Giselle,” the two-act Romantic ballet that premiered in 1841, may be 172 years old, but there is much to Pacific Northwest Ballet’s current production that is new.
Surprisingly, this production owes its freshness to stripping away many of the “updates” made to the ballet over the last three-plus decades and giving it a staging nearer to its 19th-century roots. From the delicate, pantomimed storytelling to the complex dance steps of a different era, this gutsy move by company artistic director Peter Boal is startlingly invigorating rather than yawn-inspiring to a modern audience.
Under Boal’s leadership, the production was reconstructed for its 2011 premiere at Pacific Northwest Ballet by dance historian Doug Fullington and music scholar Marina Smith. The final product is based on choreographer Jean Coralli and Jules Perrot’s original 1841 “Giselle” and Marius Petipa’s 1884 restaging, with touches by Boal.
Restoring the more complicated steps and faster tempos of “Giselle”’s origins creates a nimble velocity and elevation. Unexpectedly, the pantomime gestures feel quite graceful and natural and help avoid the moments of plot vagueness that plague so many storybook ballets.
For those who have seen “Giselle” in other incarnations, there is still plenty that is familiar, from the storyline to the principal dancers’ solos. In a charming German village Albrecht, a duke pretending to be a villager pursues the peasant girl Giselle. When Albrecht’s engagement to a noblewoman is revealed, Giselle dies of a broken heart. She becomes one of the Wilis, female spirits out for revenge on men.
On opening night last Friday, May 30, Kaori Nakamura went movingly from a willful, lighthearted Giselle, who can’t get enough of dancing, to being torn apart by Albrecht’s deception; we felt her pain as she went mad. As a Wili, Nakamura was ephemeral, often appearing to float spectrally across the stage, even during the most exacting and breakneck choreography.
Jerome Tisserand’s high-spirited Albrecht matched Nakamura’s ardor and displayed some astounding footwork, stamina and elevation.
As the ballet progressed, Batkhurel Bold’s Hilarion becomes a sympathetic character as we see his love for Giselle and horror at what he has done.
In this production, Bathilde, the duke’s fiancée, is no snob, and Sarah Ricard Orza imparts just the right amount of compassion.
The performance of the Wilis in Act II was some of the most breathtaking unison work I’ve seen from the company’s corps de ballet. There was a sinister authority to Carrie Imler’s Myrtha, Queen of the Wilis, brooking no resistance, even in her powerful leaps. Liora Neuville displayed an addictively diaphanous grace as the Wili Moyna.
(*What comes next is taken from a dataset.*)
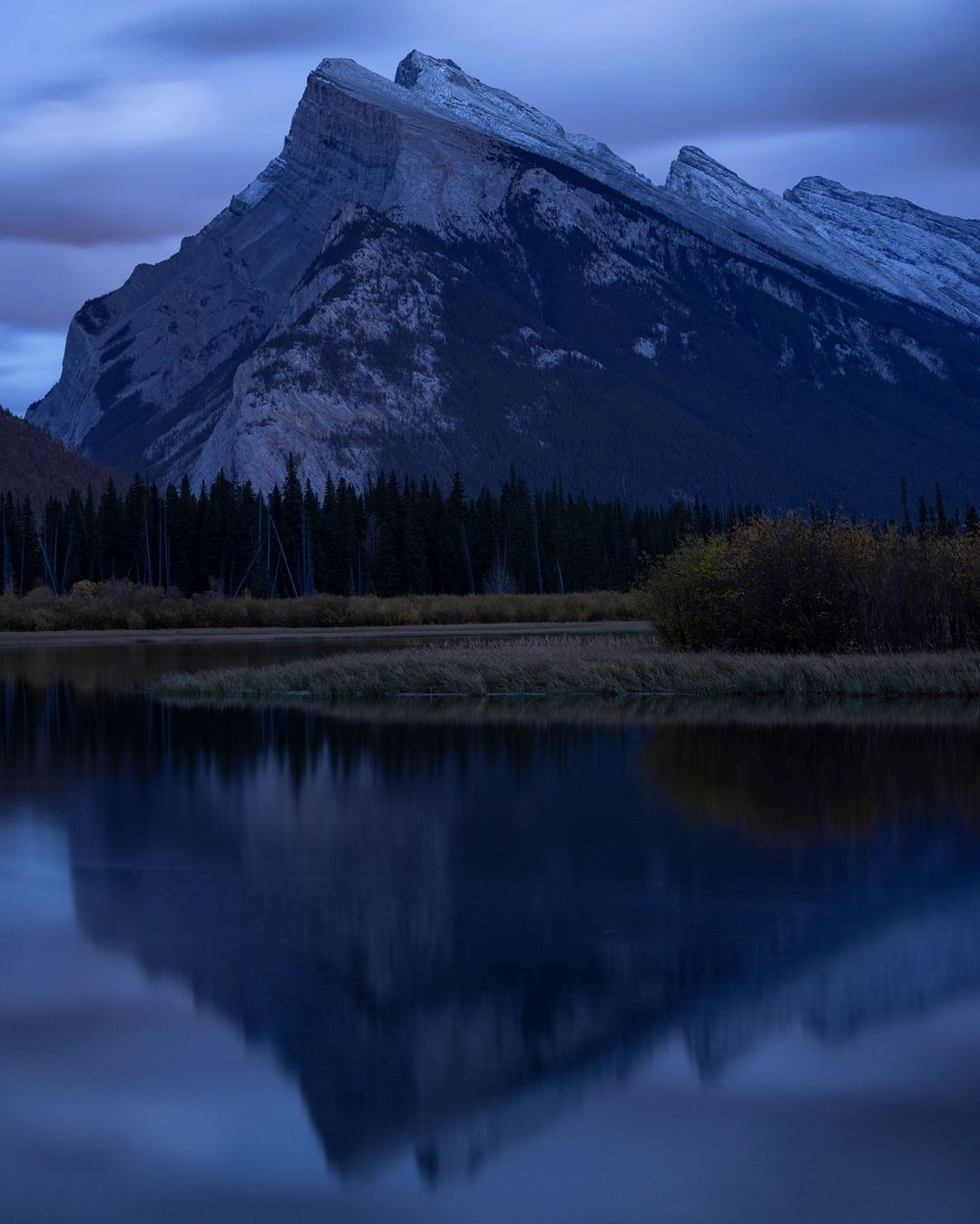 Photo by @paulzizkaphoto “Blue hour at Mount Rundle. Autumn oranges fade into cooler nighttime hues at Vermilion Lakes, Banff National Park, Canada. I was blown away by the sharpness of the RF70-200mm F4 L IS USM once again and won’t hesitate printing this one big.”

Other standouts included Leta Biasucci and Jonathan Porretta in the Peasant pas de deux and Margaret Mullin in the dual roles of the Wili Zulmé and Giselle’s protective mother, Berthe.
Peter Farmer’s stodgily clichéd set and costumes from the 2011 production have been ousted by Jerome Kaplan’s fresh take on both. At the top of each act, projections of engravings from the 1844 book “Les Beautés de l’Opera” dissolve to reveal Kaplan’s set, which evokes the projections it replaces. Walls and other elements that are two-dimensional, as well as detailed but not entirely realistic painting, give the set a pop-up storybook feel.
Randall G. Chiarelli’s atmospheric lighting not only enhances the characters’ emotions, it also conjures an eerie forest night perfect for the Wilis’ dark business, including a stunning shaft of moonlight piercing through tree branches.